Taken together we see a variety of issues which undermine growth opportunities within China's economy, therefore the U.S. Chamber and QPBC will continue to work with Chinese authorities in an effort to better improve the overall environment for foreign and Chinese companies and for consumers.

The U.S. Chamber hopes going forward that the Chinese leadership will focus on reforms that result in increased competition that values equally the contributions of domestic and foreign companies to China's economy.

Conclusion


As an officer of an organization that has been at the forefront of strengthening this important relationship over many years, and as we approach the 10th anniversary of China obtaining permanent normal trading relations status by the U.S. Congress, I would be doing a disservice to both sides if I did not speak candidly about the risks before us.
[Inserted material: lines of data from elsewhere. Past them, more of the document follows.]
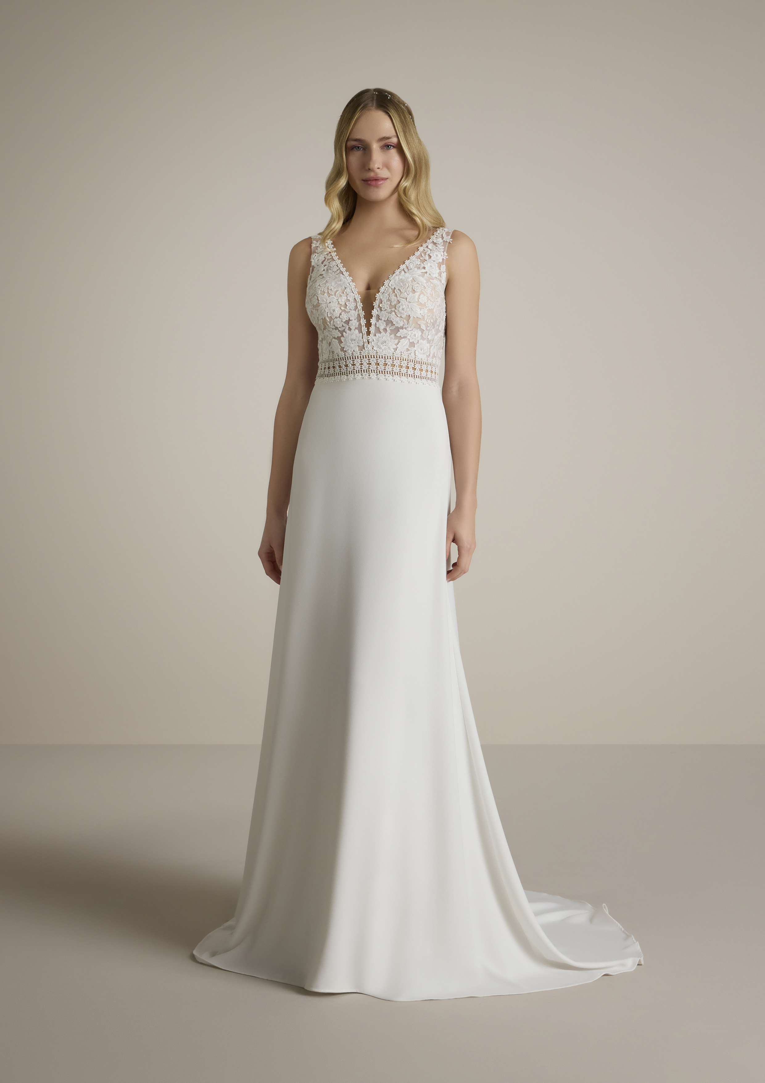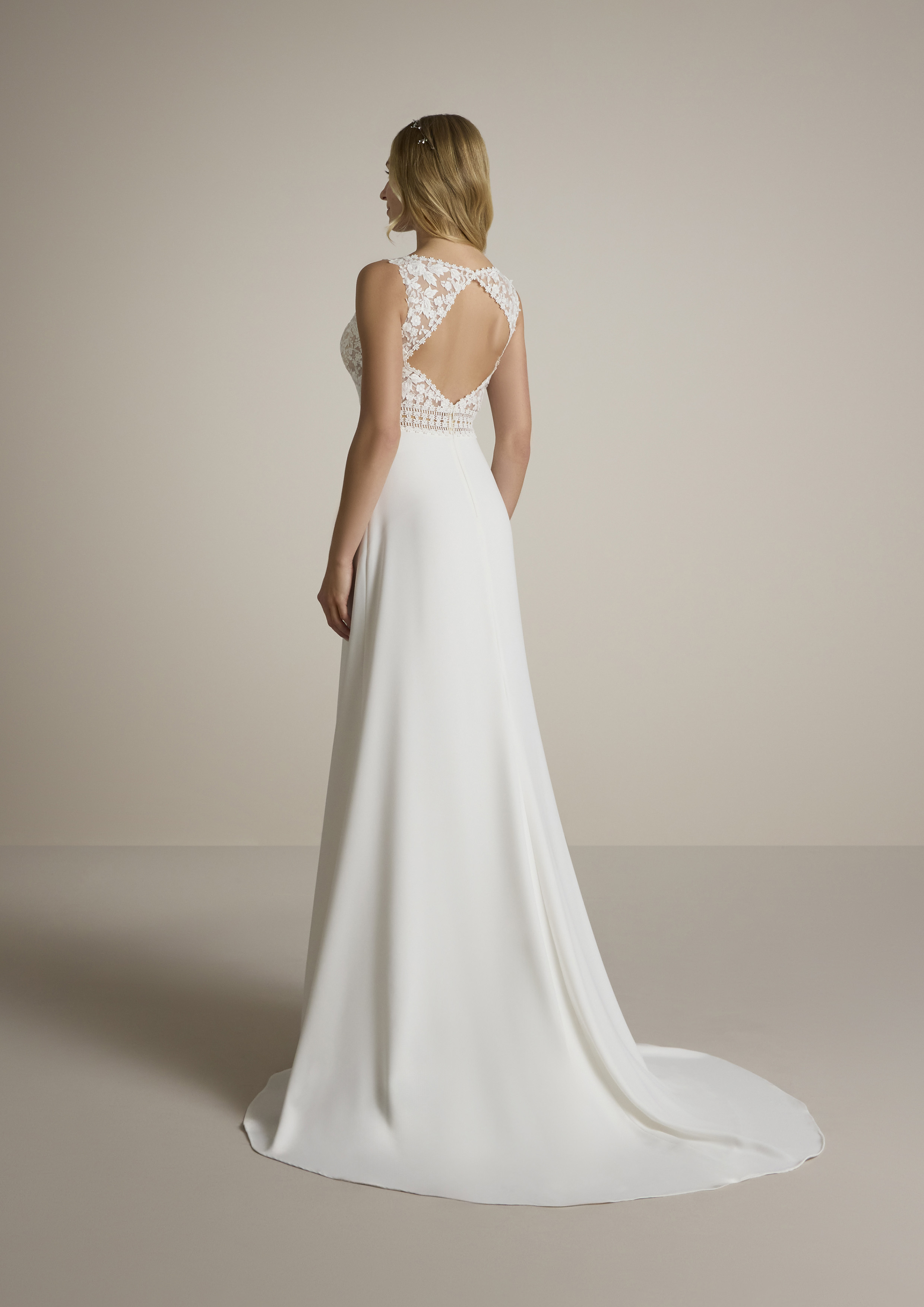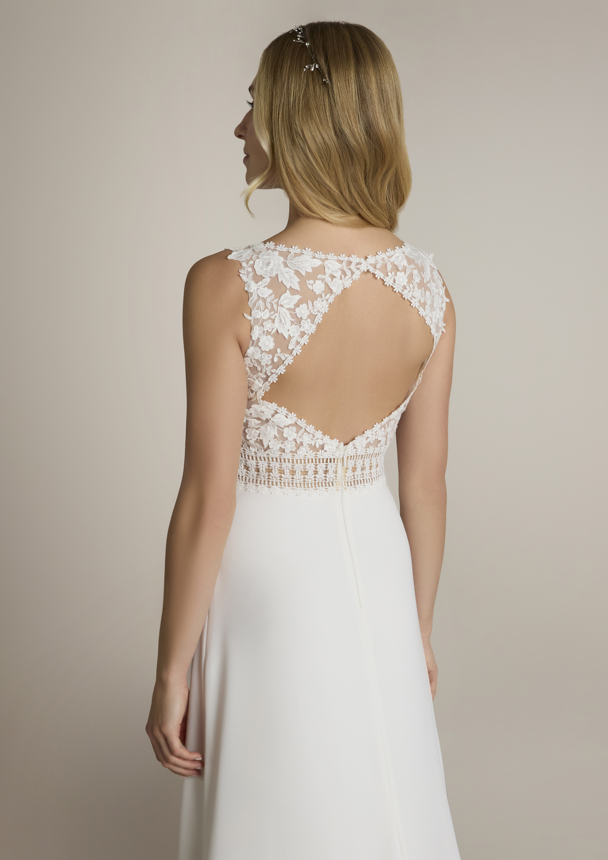 Eleganza e raffinatezza si fondono perfettamente in questo splendido abito da sposa. Il corpetto in pizzo, finemente ricamato, esalta la silhouette con dettagli delicati, mentre la scollatura a oblò sulla schiena aggiunge un tocco di sensualità e modernità al design. La gonna, realizzata in leggero tessuto chiffon, cade morbida e fluente, creando un movimento armonioso ad ogni passo. Questo abito è ideale per la sposa che desidera un look sofisticato e femminile, caratterizzato da una combinazione di tradizione e stile contemporaneo. Perfetto per chi cerca un outfit che catturi l'attenzione con classe e delicatezza nel giorno più speciale.
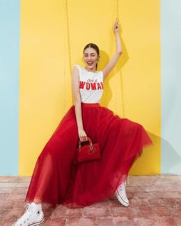 Nữ người mẫu phối đồ đồng điệu cùng túi xách Dior Lady D-Joy, có giá 3.400-9.900 USD (81-235,8 triệu đồng) tùy kích cỡ, màu sắc và chất liệu (Ảnh: @tranngoclankhue).
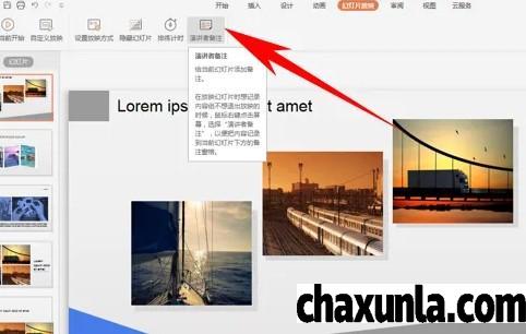 首先我们单击工具栏幻灯片放映下的演讲者备注。
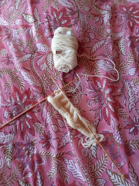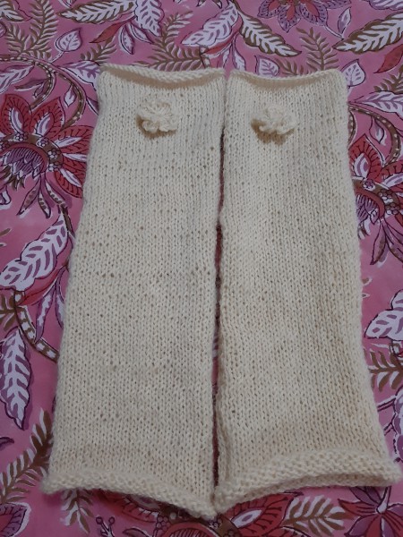 お花のモチーフ編みがポイントです。きものや袖が七歩丈のものを着た時に重宝します。
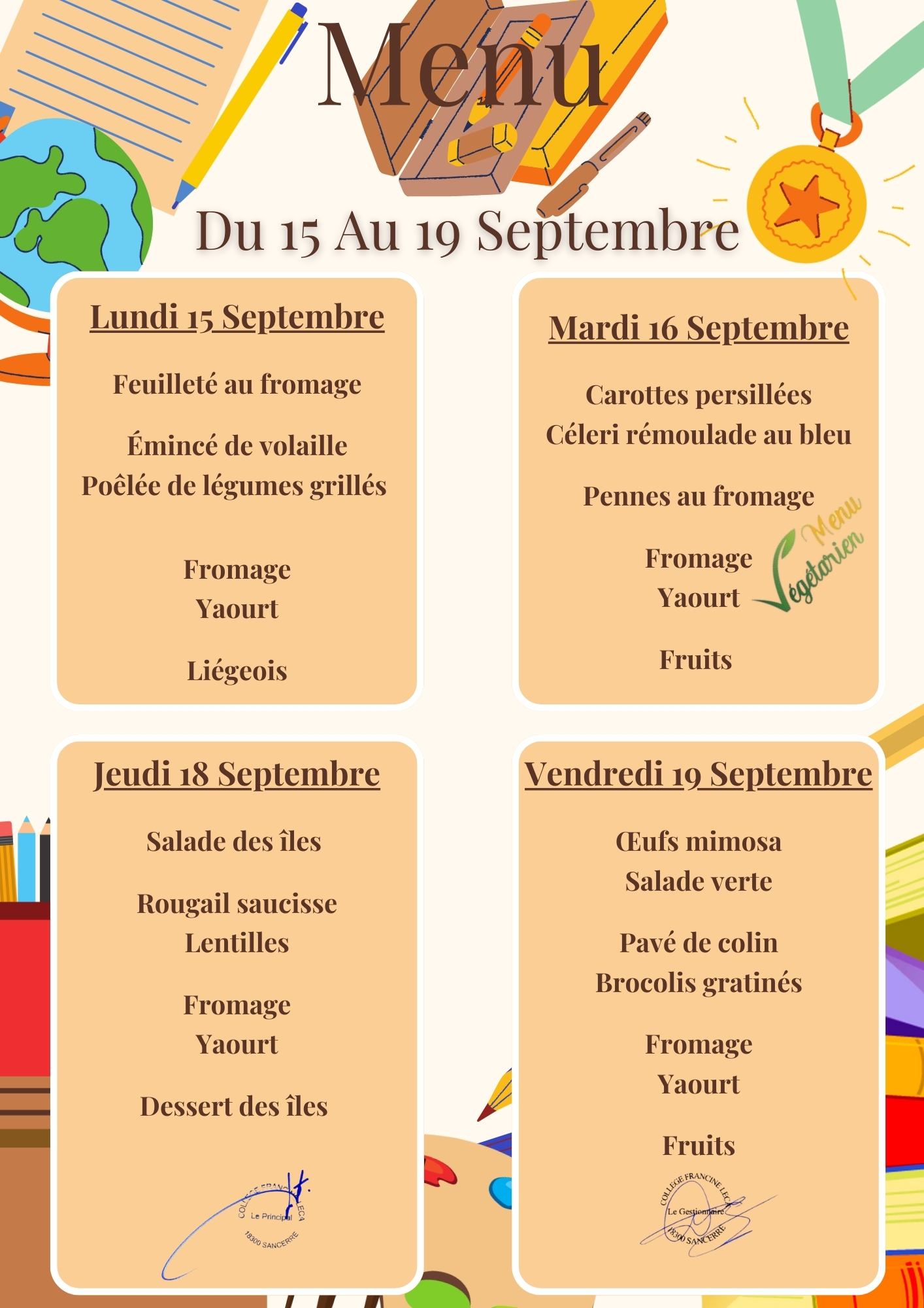 MENU DU 15 AU 19 SEPTEMBRE 2025
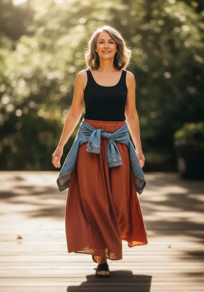 A black tank sits neatly above a flowing rust colored maxi skirt. A denim jacket tied at the waist adds a casual touch and helps break up the look. Simple sandals keep the outfit easy and walkable.
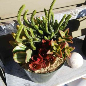 一昨日夢中になり作成💕 上手くできない寄せ植え!でもやっぱり可愛い多肉達😊愛犬似の置物は中々見つけられないからあったもの😁✨
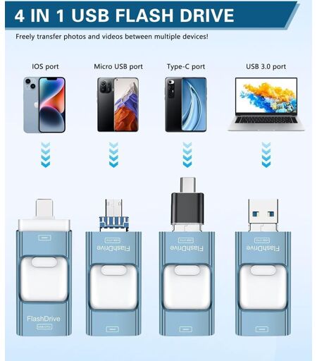 CMJAAGUR-Clé Usb 4 En 1 De Stockage Externe Compatible Avec Ios/Android/Tablette/Pc Et Appareils Avec Micro Usb 3.0/Otg 128 Go (Bleu)[M2310]
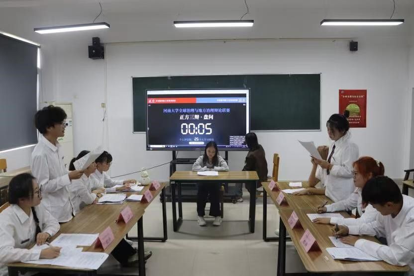 行政管理专业“全球治理与地方治理(2024年度)”辩论联赛第四轮比赛于院楼411举办,部分2022级,2023级行政管理专业学生到场观赛。
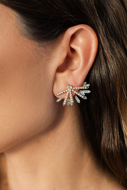 Brinco Borda Dupla Cravejada Pérola Prata 925 Ródio Branco
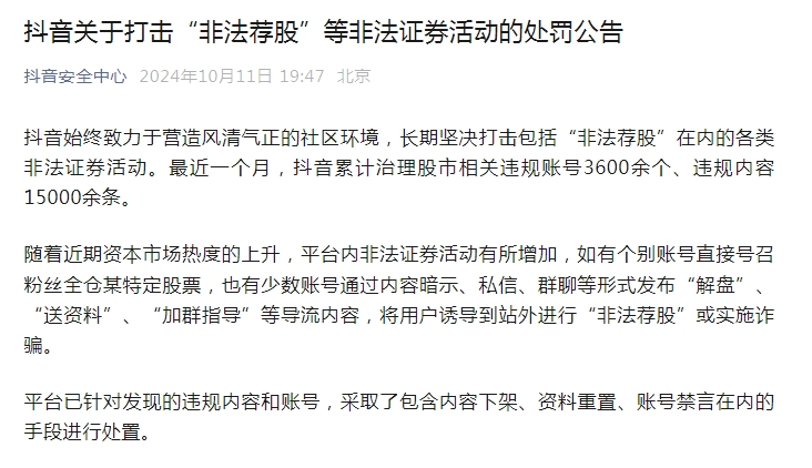 10月11日晚,Tiktok安全中心发布《关于打击“非法推荐股票”等非法证券活动的处罚公告》。Tiktok表示,最近一个月,股市违规账户3600多个,违规内容1.5万多个。

Put simply, ongoing policy approaches by China are eroding the support of China's long-standing advocates in the United States, diminishing the many good arguments we have used historically in support of this relationship.

As we have always, the Chamber pledges to resist protectionist approaches in the United States.


But make no mistake; pressures are mounting, particularly in this election year.


Nevertheless, we will do everything in our power to ensure that both governments continue to work through challenges in a constructive manner.

We appreciate the generous invitation from the QBPC of the China Association of Enterprises with Foreign Invested to participate in this important forum, and I look forward to learning from one another over the discussion today.